Yes, but that's an entirely different problem. It's not like imposing fees after a certain point of use will help that problem at all, it would make more sense to a) absorb it and raise the monthly subscription when necessary, b) charge per byte, c) charge based on your % of network, or charge maintenance or service fees and don't charge for bandwidth at all. The current, tiered model only makes sense to use "overloading the network" as an excuse to abuse monopolies and overcharge customers.


The US mobile network system has plenty of competition presently. In fact, it's competitive enough that it has evolved faster faster and better than most European mobile networks. It took nearly all of Europe a very long time to get 4G adoption above even 50% of the population.


But they needed it less. Verizon and sprint only had slow evdo 3G while Europe had fast hsdpa.


Monopoly? Who has a cell network monopoly? Prices are going down and features up due to ever increasing competition.


Maybe in some places, but the competition in the US is a joke. You either go with a decent plan but terrible service (Sprint), or you go with good service with virtually no control over your use (Verizon/AT&T).


I was able to get in austria in 2006 3g for 1 EUR/GB . How are prices falling down?


Are you for real? It's easy. Look at prices and services from all major carriers in the US over the past 5 years. the prices are going down and you're getting more for less. It's a tough back and forth and every month or two they try to one up each other. So that's how prices are going down.

What you got in a different market doesn't matter. It's inarguable that prices are going down and it's inarguable that there is no monopoly. There isn't even a duopoly. What is arguable is that you should perhaps get more for what you pay. But the velocity is still down, even if it's not yet as low as it should be.


> the prices are going down and you're getting more for less

Unless I'm missing something, unlimited data plans have virtually disappeared. That seems like getting less.


Original plans were unlimited 3g data. All t-mobile high speed data plans automatically included unlimited low speed data if you go over. They also have an unlimited 4g lte plan that's only $30 more than the basic 1gb plan. And they currently have a special offers to for 2 lines w/ unlimited data.

I had the original unlimited 3g data plan with AT&T. That also required paying $20 a month to get unlimited texts. I think I paid $10 a month for 250 monthly texts because that's all I needed.
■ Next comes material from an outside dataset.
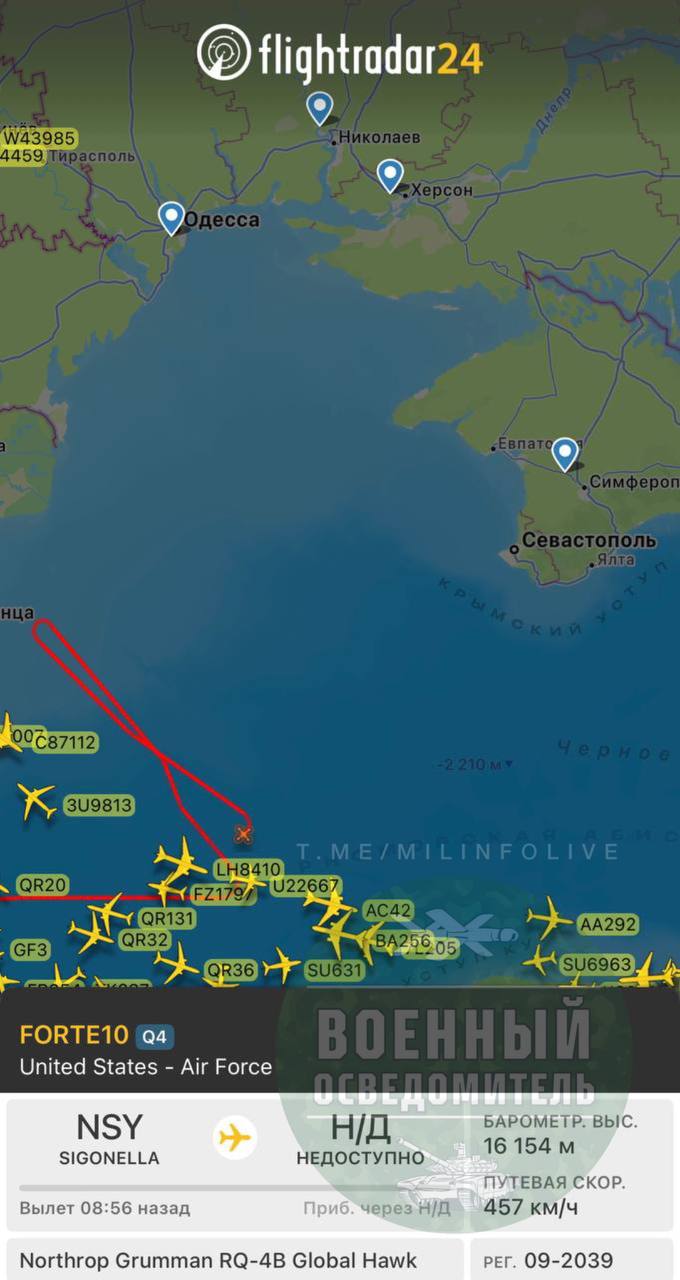 Сегодняшняя рутинная работа стратегического разведчика ВВС США RQ-4B Global Hawk (позывной - FORTE 10), уважаемых американских партнеров в нейтральных водах Черного моря в районе Крыма.
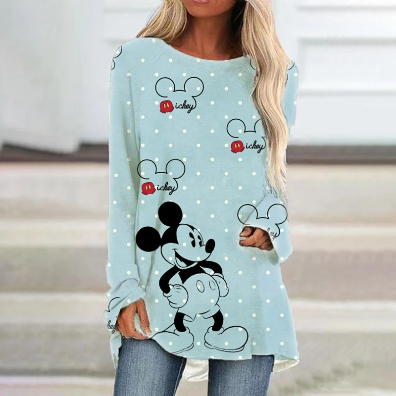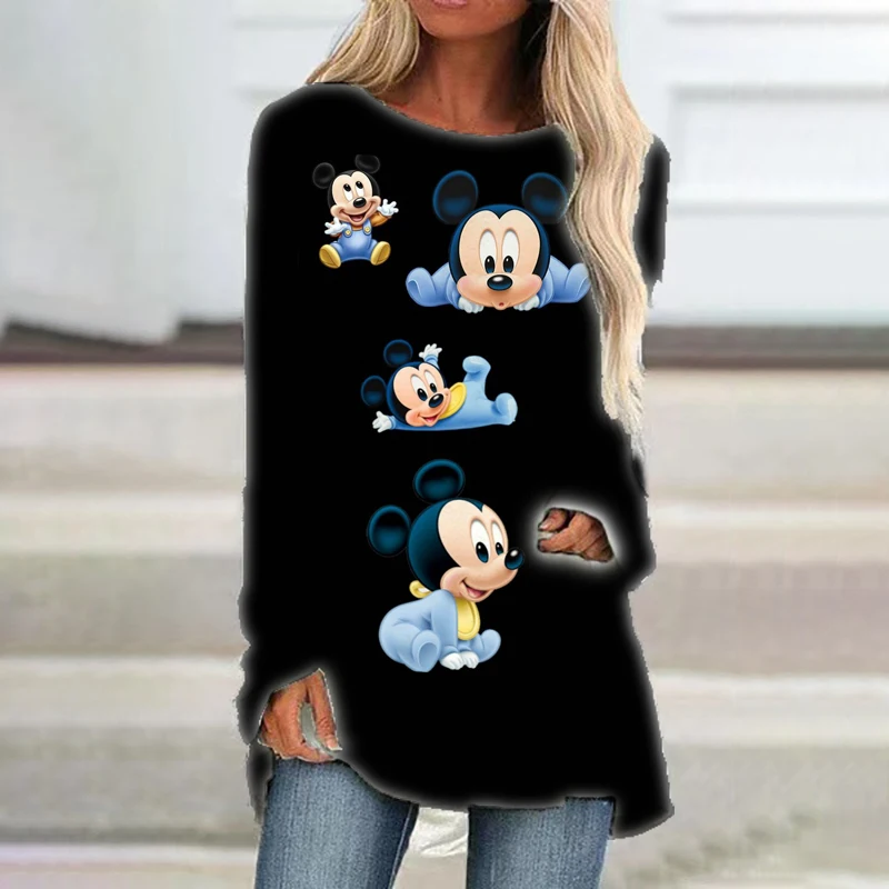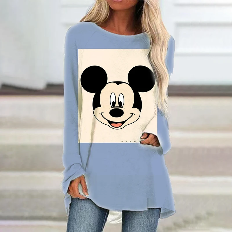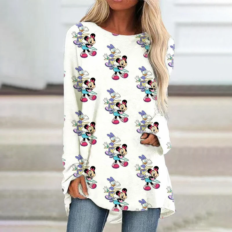 Женская футболка с длинным рукавом и принтом Минни и Микки, размеры до 5XL

That was the height of mobile pricing bullshit in my eyes.


In South-East Asia, you often get a prepaid contract including 5 GB for between $5 and $20. This is 10x cheaper. Sure, salaries are lower, but the equipment is the same.


The actual bandwidth the tower has actually costs a lot of money.

65Mhz of highband bandwidth was worth 40 billion at the last auction.


Or it could be worth $0 if shared by smart radios. Fixed reservations of spectrum is technologically obsolete and economically very sub-optimal.

Spectrum "ownership" will be the taxi medallion of the 21st century.


If they charged you on usage percent times maintenance cost plus future upgrade plans, they wouldn't make nearly enough for buying golden yachts. You'd be paying like 20$/month for 10Mbit unlimited data.